▸ **Recorded information**

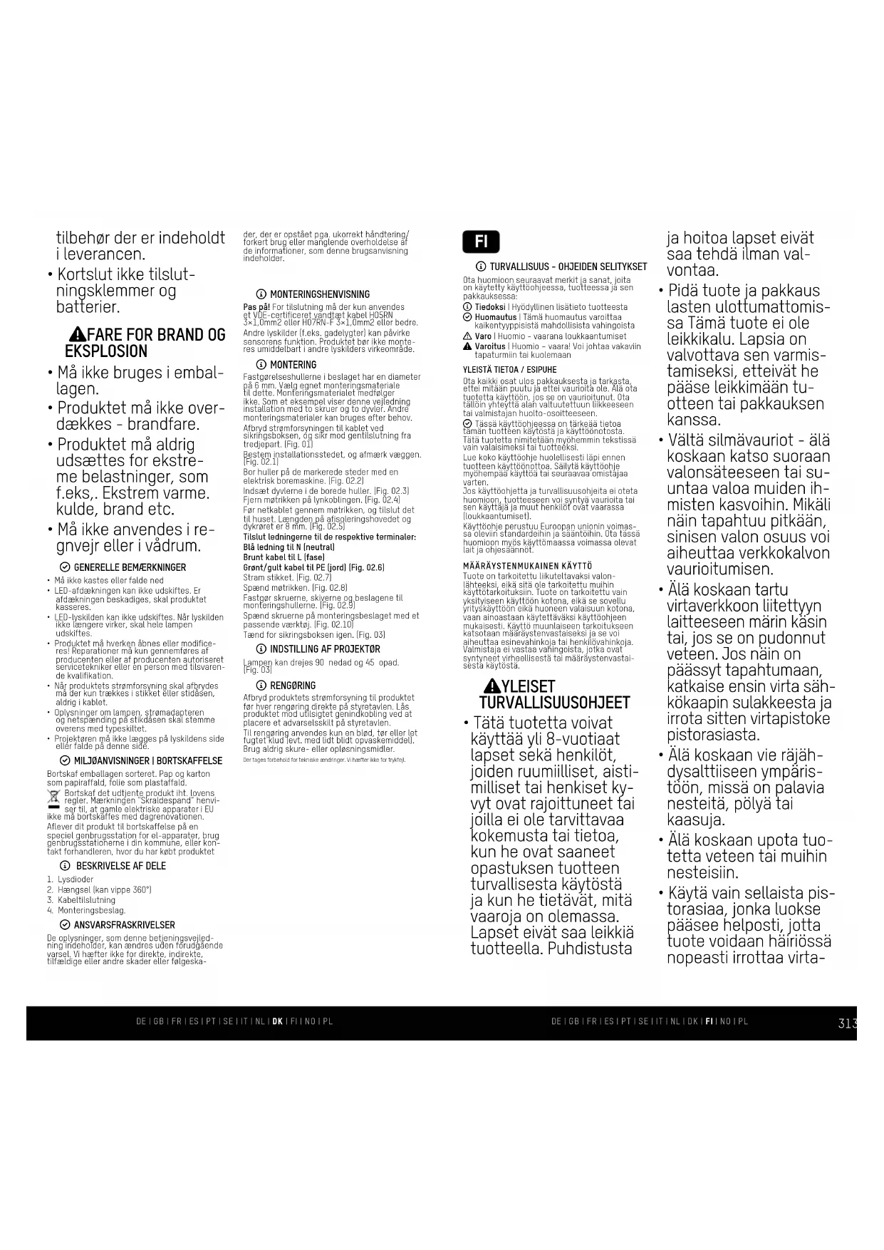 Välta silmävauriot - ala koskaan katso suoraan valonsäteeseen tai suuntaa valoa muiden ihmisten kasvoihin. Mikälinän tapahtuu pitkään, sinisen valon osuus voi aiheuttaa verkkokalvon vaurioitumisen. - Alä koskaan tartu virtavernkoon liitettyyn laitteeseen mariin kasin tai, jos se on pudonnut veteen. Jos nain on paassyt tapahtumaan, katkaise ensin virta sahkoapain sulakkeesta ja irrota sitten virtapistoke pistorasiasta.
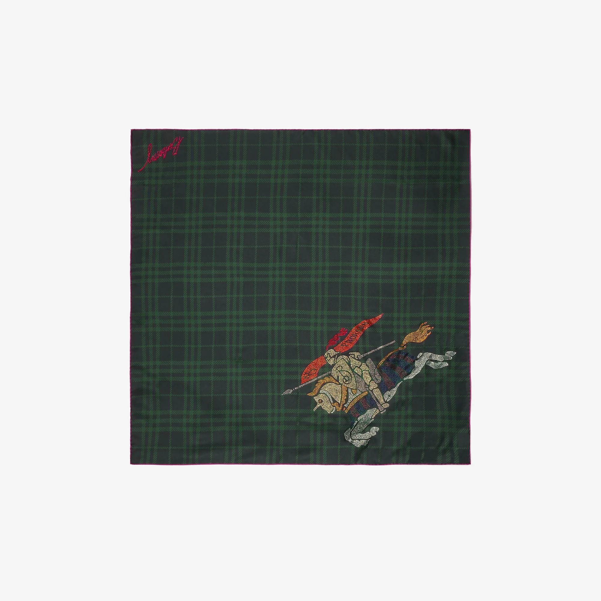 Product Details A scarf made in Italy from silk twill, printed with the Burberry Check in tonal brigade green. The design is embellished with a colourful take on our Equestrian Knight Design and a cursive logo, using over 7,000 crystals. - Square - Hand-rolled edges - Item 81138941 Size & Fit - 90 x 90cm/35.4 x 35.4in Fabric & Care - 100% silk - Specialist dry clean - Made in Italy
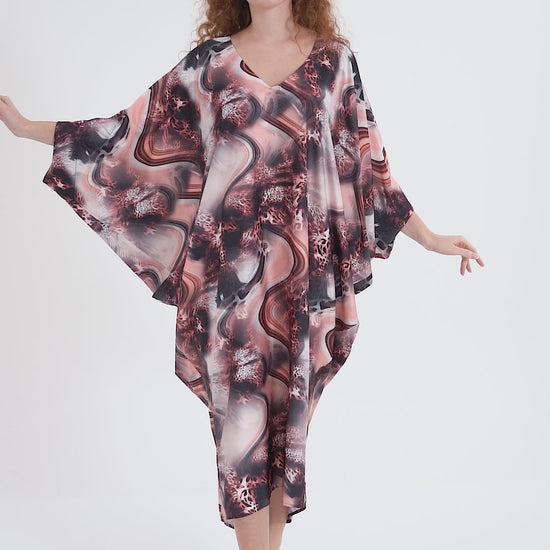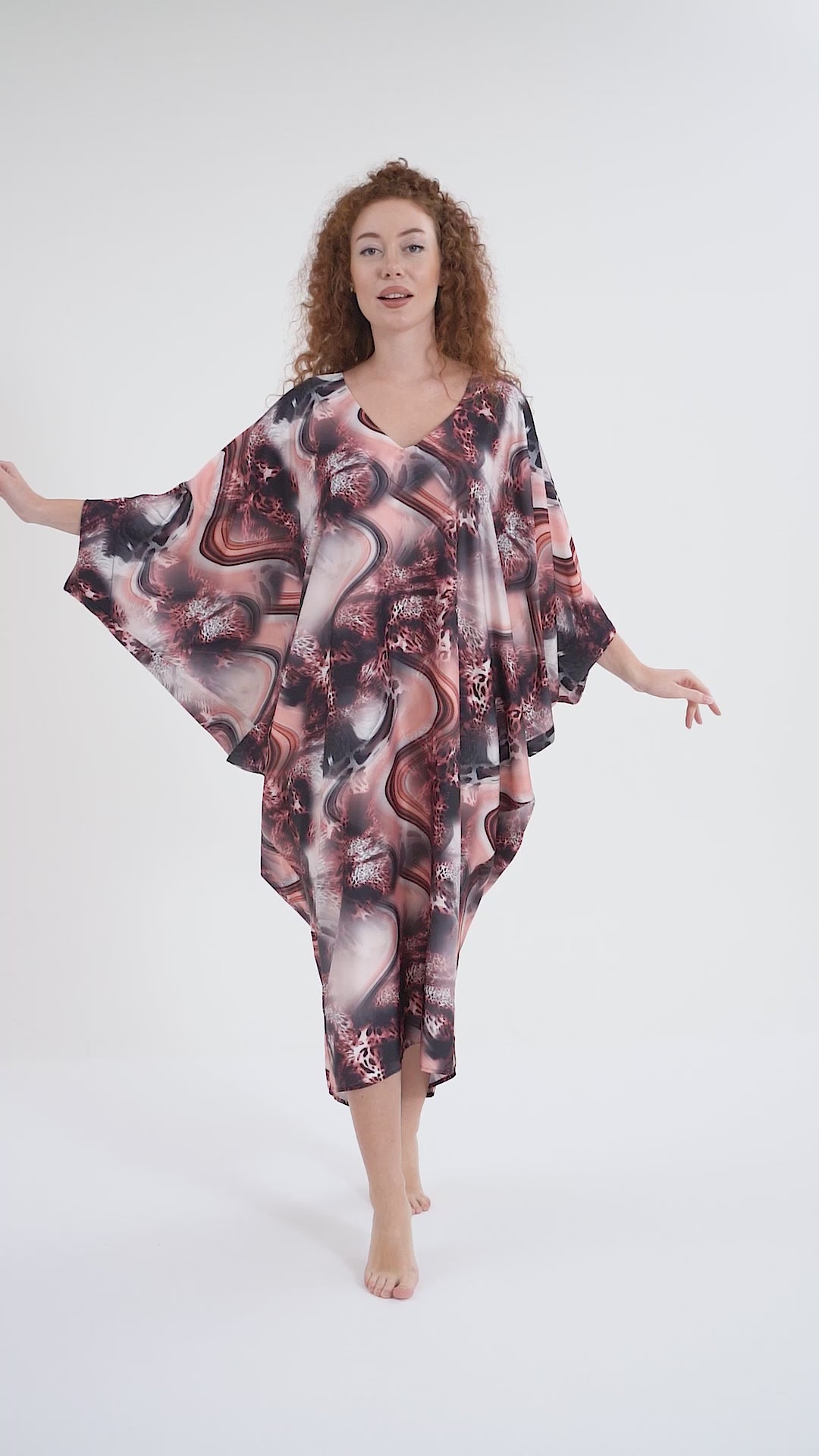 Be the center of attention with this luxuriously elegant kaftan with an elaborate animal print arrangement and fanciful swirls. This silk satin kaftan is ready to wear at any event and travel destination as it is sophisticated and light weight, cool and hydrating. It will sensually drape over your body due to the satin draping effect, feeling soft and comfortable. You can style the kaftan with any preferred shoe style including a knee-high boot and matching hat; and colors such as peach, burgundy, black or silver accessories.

▸ **Exercise description**
Exact repeats of the lines from the first one in the data through the line containing "Product Details A" make up the answer. Pictures do not.

▸ **Response to the exercise**
 Välta silmävauriot - ala koskaan katso suoraan valonsäteeseen tai suuntaa valoa muiden ihmisten kasvoihin. Mikälinän tapahtuu pitkään, sinisen valon osuus voi aiheuttaa verkkokalvon vaurioitumisen. - Alä koskaan tartu virtavernkoon liitettyyn laitteeseen mariin kasin tai, jos se on pudonnut veteen. Jos nain on paassyt tapahtumaan, katkaise ensin virta sahkoapain sulakkeesta ja irrota sitten virtapistoke pistorasiasta.
 Product Details A scarf made in Italy from silk twill, printed with the Burberry Check in tonal brigade green. The design is embellished with a colourful take on our Equestrian Knight Design and a cursive logo, using over 7,000 crystals. - Square - Hand-rolled edges - Item 81138941 Size & Fit - 90 x 90cm/35.4 x 35.4in Fabric & Care - 100% silk - Specialist dry clean - Made in Italy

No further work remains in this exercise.